Mamushi antivenom serum is commercially available. It is produced by purifying and processing serum from horses immunized with venom or toxoids. Although mamushi antivenom serum is used to treat severe mamushi bites, some institutions have a policy against using it because there is sparse evidence regarding its effectiveness. To the best of our knowledge, only retrospective studies have examined the efficacy of mamushi antivenom serum [2-7]. Cepharanthine, an alkaloid isolated from Stephania cepharantha Hayata, is also thought to inactivate mamushi venom and is less harmful, but there is also little evidence for its effectiveness [8]. In this context, the multicenter, prospective Observational Research Of Clinical course after mamusHI bite (OROCHI) study was conducted to investigate the clinical course of patients with mamushi bites and the effects of various treatments. Our objective was to determine the effectiveness of mamushi antivenom serum using data from the OROCHI study. Our hypothesis was that mamushi antivenom serum reduces the length of hospital stay.
Materials and methods
Patients
Twenty-four Japanese facilities participated in the OROCHI study; the facilities were recruited at scientific meetings and by inviting affiliated hospitals. Each facility participated in the study after obtaining approval from their institutional review board. All cases of mamushi bite admitted to the participating facilities between April 22, 2020, and October 31, 2022, were included in the study. The diagnosis of mamushi bite was made by the treating physician according to sightings, bite marks, and symptoms. Sighting included a verbal or photographic description from an eyewitness or the presence of a physical specimen. Informed consent was waived because of the non-interventional nature of the study. The study was supported by a Grant-in-Aid for Scientific Research (19K09435).
The present analysis included all cases registered in the OROCHI study, excluding cases aged <18 years, non-hospitalized cases, and cases with an interval of >24 h between the bite and hospital arrival. The exposure arm consisted of those who were treated with mamushi antivenom serum (antivenom group), while the control arm included those who were not treated with antivenom (no-antivenom group). The administration of mamushi antivenom serum, cepharanthine, and analgesics was at the discretion of the attending physician.
Data collection
The OROCHI study used the University Hospital Medical Information Network’s INDICE Cloud to collect information on patient background characteristics, findings at hospital admission, clinical course, treatment, and outcome of eligible patients. Pain was assessed using an 11-point numerical rating scale (NRS) ranging from 0 (no pain at all) to 10 (the greatest pain imaginable). Swelling was classified into five grades: Grade I was defined as local swelling at the site of the bite; Grade II as redness and swelling up to the wrist or ankle joint; Grade III as redness and swelling up to the elbow joint or knee joint; Grade IV as redness and swelling extending to the entire limb; and Grade V as redness and swelling extending to the trunk or accompanied by systemic symptoms.

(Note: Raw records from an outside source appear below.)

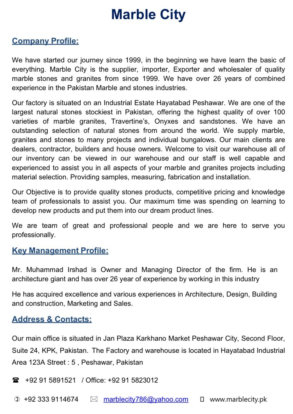 Marble City Company Profile: We have started our journey since 2002, in the beginning we have learn the basic of everything. Marble City is the supplier, importer, Exporter and wholesaler of quality marble stones and granite from since 2002. We have over 23 years of combined experience in the Pakistan Marble and stones industries. Our factory is situated on an Industrial Estate Hayatabad Peshawar. We are one of the largest natural stones stockiest in Pakistan, offering the highest quality of over 100 varieties of marble granite, Travertine’s, Onyxes and sandstone. We have an outstanding selection of natural stones from around the world. We supply marble, granite and stones to many projects and individual bungalows. Our main clients are dealers, contractor, builders and house owners. Welcome to visit our warehouse all of our inventory can be viewed in our warehouse and our staff is well capable and experienced to assist you in all aspects of your marble and granite projects including material selection. Providing samples, measuring, fabrication and installation. Our Objective is to provide quality stones products, competitive pricing and knowledge team of professionals to assist you. Our maximum time was spending on learning to develop new products and put them into our dream product lines. We are team of great and professional people and we are here to serve you professionally. Key Management Profile: Mr. Muhammad Irshad is Owner and Managing Director of the firm. He is an architecture giant and has over 23 year of experience by working in this industry He has acquired excellence and various experiences in Architecture, Design, Building and construction, Marketing and Sales. Address & Contacts: Our main office is situated in Jan Plaza Karkhano Market Peshawar City, Second Floor, Suite 24, KPK, Pakistan. The Factory and warehouse is located in Hayatabad Industrial Area 123A Street : 5 , Peshawar, Pakistan +92 91 5891521 / Office: +92 91 5823012 +92 333 9114674 [email protected] www.marblecity.pk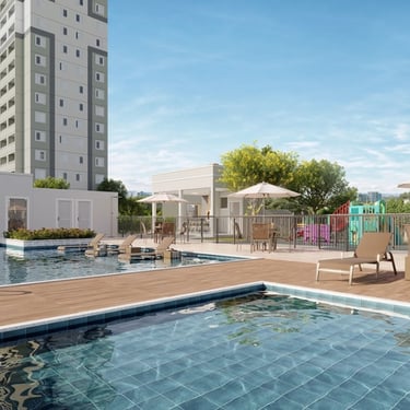 2 Dormitórios: 43,93 m² | 44,13 m² | 45,5 m² | 45,7 m²*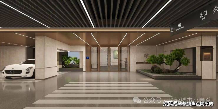 奢装艺术车库:地下车库采用金属格栅+彩石地坪,节点处设绿植,打造诗意归家之路。
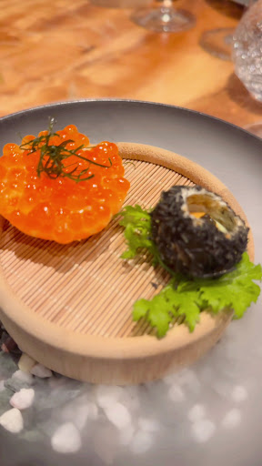 The A4 Wagyu beef was cooked to perfection—tender, rich, and bursting with umami. The signature claypot rice, topped with uni, ikura, and egg yolk, was an indulgent and unforgettable dish. And the caviar and ikura bites, served on a misty platter, added a dramatic and luxurious touch.
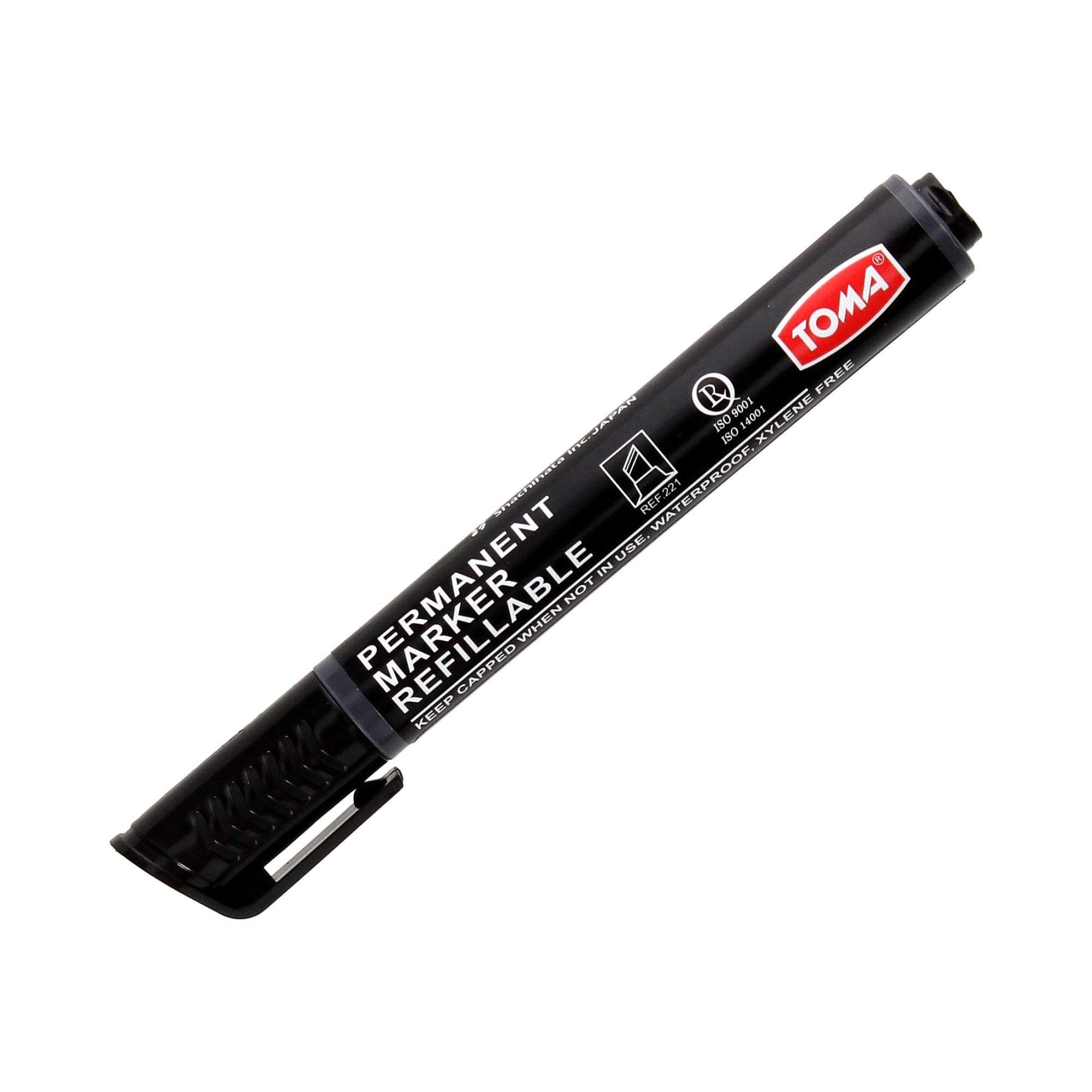 Marker permanentny Toma ściety czarny TO-221 Marker permanentny napelnialny z tuszem wodoodpornym, nie zawierający ksylenu i toluenu. Do pisania po wszystkich powierzchniach. Certyfikaty ISO 9001, ISO 14001. Japonska technologia i produkcja. Bardzo latwe otwieranie. Do ponownego napelnienia wystarczy kilka kropli tuszu.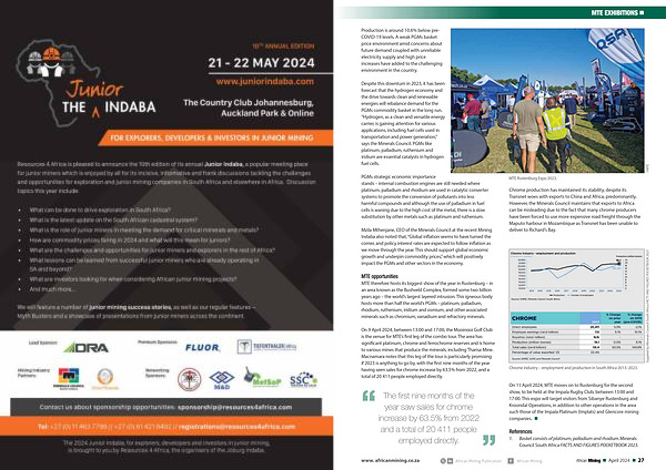 © MTE Supplied by Minerals Council South Africa FACTS AND FIGURES POCKETBOOK 2023 www . africanmining . co . za African Mining Publication African Mining African Mining • April 2024 • 27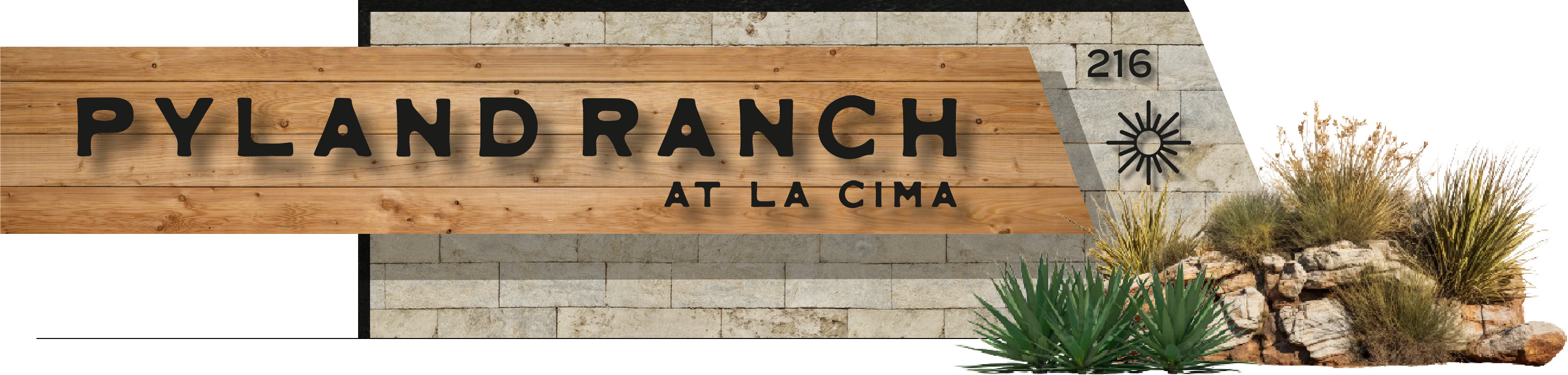 large monument sign at the entrance to an apartment complex locaated in a layered flower beds low maintenance shrubs native texas plants
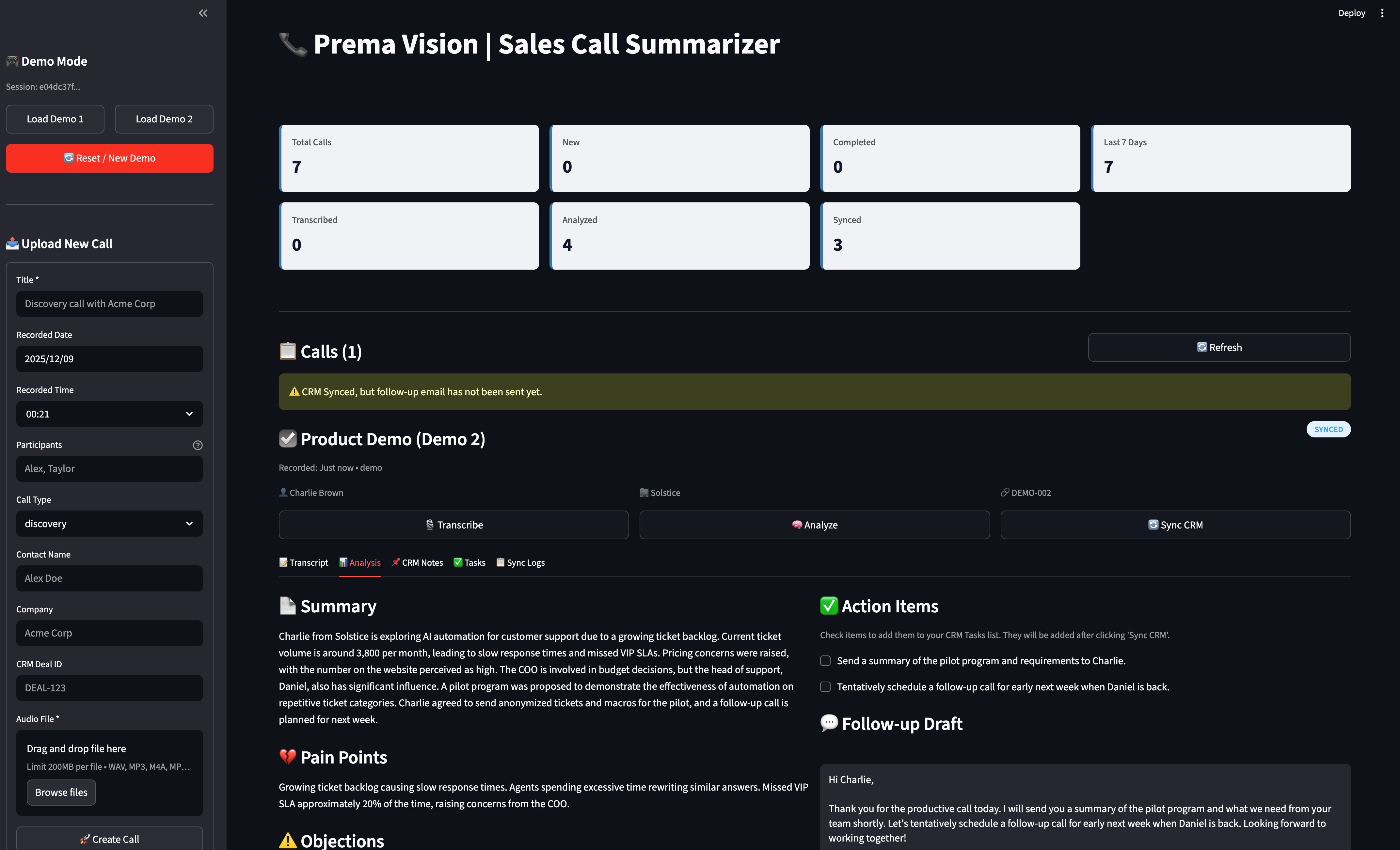 - Sync: Click 🔄 Sync CRM. Data is pushed to the CRM system (simulated in this demo) and the status updates to
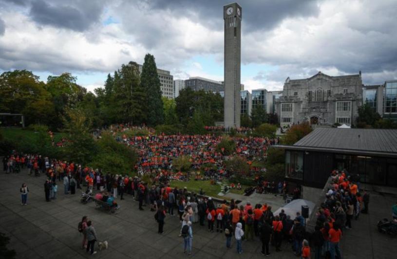 周二有數百名身穿橙色服裝的人士在溫哥華的卑詩大學(UBC)校園內舉行了跨世代步行活動,以紀念橙衫日。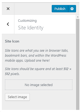 - Klik Select Image yang ada di bawah bagian Site Icon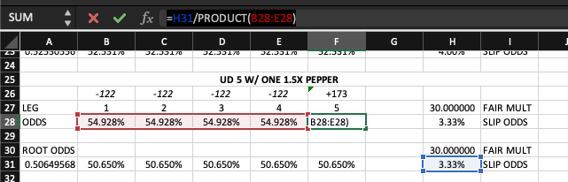 If you must beat 3.33% odds (at 30x payout), and you have four legs of 1x that all hit at an X% rate in total, then we can determine the rate of Y%, or F28 in this screenshot, that the pepper must hit for the slip to be breakeven.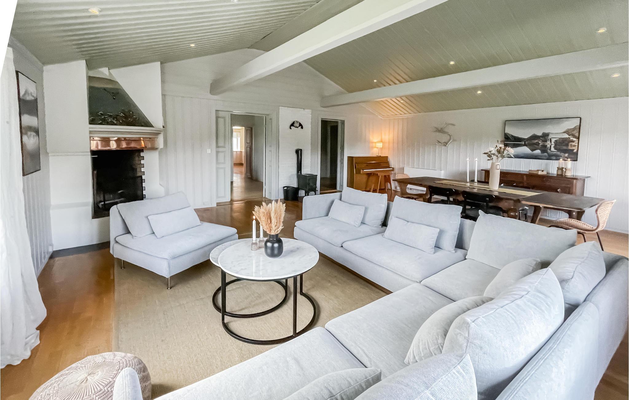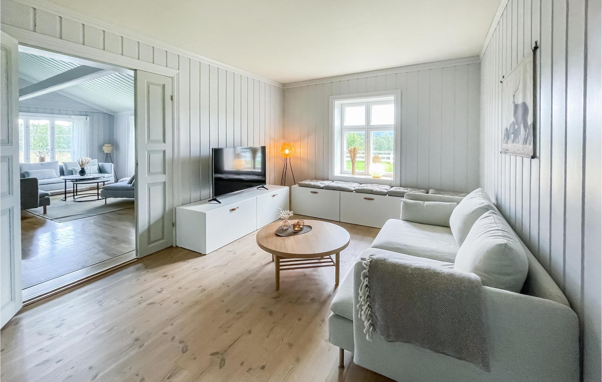 Fantastiskt semesterhus i en herrgård nära Koppang. I centrum av Stor-Elvdal, i provinsen Innlandet, ligger detta inbjudande hus omgivet av skog och ängar på Nordstu Gård. Gör dig hemmastadd i de ljusa, charmigt inredda rummen. På kvällen inbjuder köksbänken till långa samtal, eller så kan du slå dig ner i sittgruppen och njuta av den mysiga värmen från den öppna spisen. Nordstu är hem till en stor hjord av Angus-kor.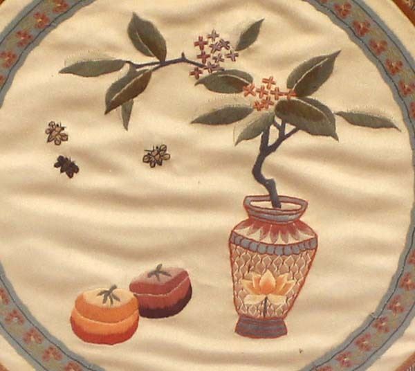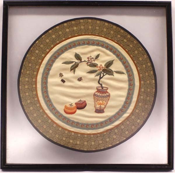 Framed Original Chinese Embroidery Tapestry, inside of a double piece of glass, tapestry measures 12.5''D and total measurement of 15'' x 15'', has original gold label on back which reads ''#7794 100% Silk, Dry Clean Only, ...17322'', beautiful material, intricate needlework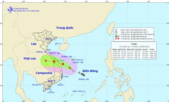 Theo Trung tâm dự báo khí tượng thủy văn Trung ương, hồi 14 giờ ngày 12/9, vị trí tâm áp thấp nhiệt đới ở vào khoảng 14,3 độ Vĩ Bắc; 111,1 độ Kinh Đông, cách bờ biển các tỉnh Quảng Nam-Bình Định khoảng 210km về phía Đông. Sức gió mạnh nhất ở vùng gần tâm áp thấp nhiệt đới mạnh cấp 7 (50-60km/giờ), giật cấp 8-9.
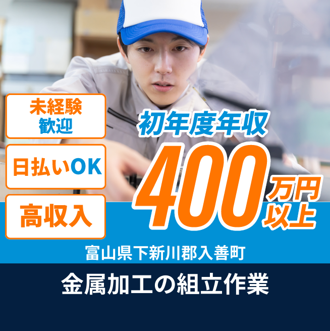 ◆日払い・仮払いOK(アプリでカンタン申請!) 交通費 支給あり 応募の流れ 本ページ内<応募する>ボタンより、必要項目をご入力の上、ご応募ください。 勤務地 【勤務地】富山県下新川郡入善町福島 勤務時間 【勤務地】8:00~16:50(休憩60分)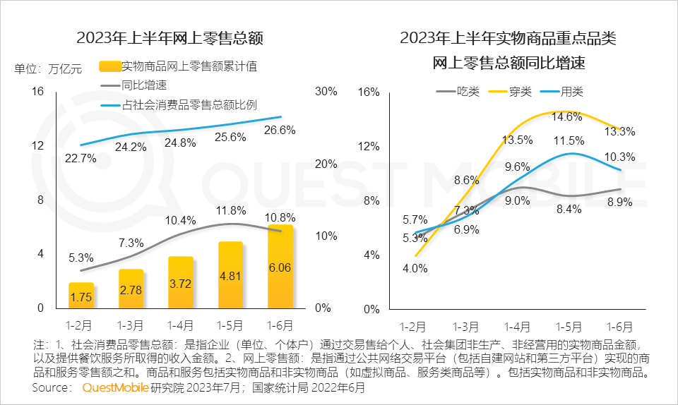 受618大促等因素刺激影响,全年实物网上零售累计突破6.06万亿元,增长表现突出,达到10.8%;细分看,吃、穿、用类商品的线上销售,均得以明显提升。

Pain and swelling were assessed at presentation, at 6, 12, 24, 48, 72, and 96 h after presentation, and immediately before administration of antivenom. The primary endpoint was the length of hospital stay (in days), and secondary endpoints were adverse effects, pain, and grade of swelling.
Statistical analysis
Data are reported as the median and interquartile range for continuous variables, and as the number and percentage for categorical variables. Missing values were not computed. The Mann-Whitney U test was used to compare continuous variables between the two groups, and Fisher’s exact test was used to compare categorical variables. We used the log-rank test to investigate whether the length of hospital stay differed between the two groups. Because the proportional hazard assumption could not be assumed by visual inspection and Schoenfeld’s residuals test, we used generalized estimating equations with inverse probability of treatment weighting (IPTW) to examine the association between administration of mamushi antivenom serum and length of hospital stay after adjusting for background variables and administration of cepharanthine. The length of hospital stay was divided by the median and converted to a binary variable. Propensity scores were calculated using the variables, age, sex, Charlson Comorbidity Index, pain on arrival, and grade on arrival. The average treatment effect-weighted patients were entered into the generalized estimating equations to predict hospital stay of >4 days with 95% confidence intervals (CI). P-values of <0.05 were considered statistically significant. Statistical analyses were performed using SPSS software (IBM Corp. Released 2020. IBM SPSS Statistics for Windows, Version 27.0. Armonk, NY: IBM Corp).
Results
A total of 106 patients with mamushi bite were registered in the OROCHI study between April 2020 and October 2022 (Figure 1). Of these, 92 patients were eligible for the present analyses after excluding cases aged <18 years, non-hospitalized cases, and cases with an interval of >24 h between the snakebite and hospital arrival. There were 53 patients in the antivenom group and 39 in the no-antivenom group.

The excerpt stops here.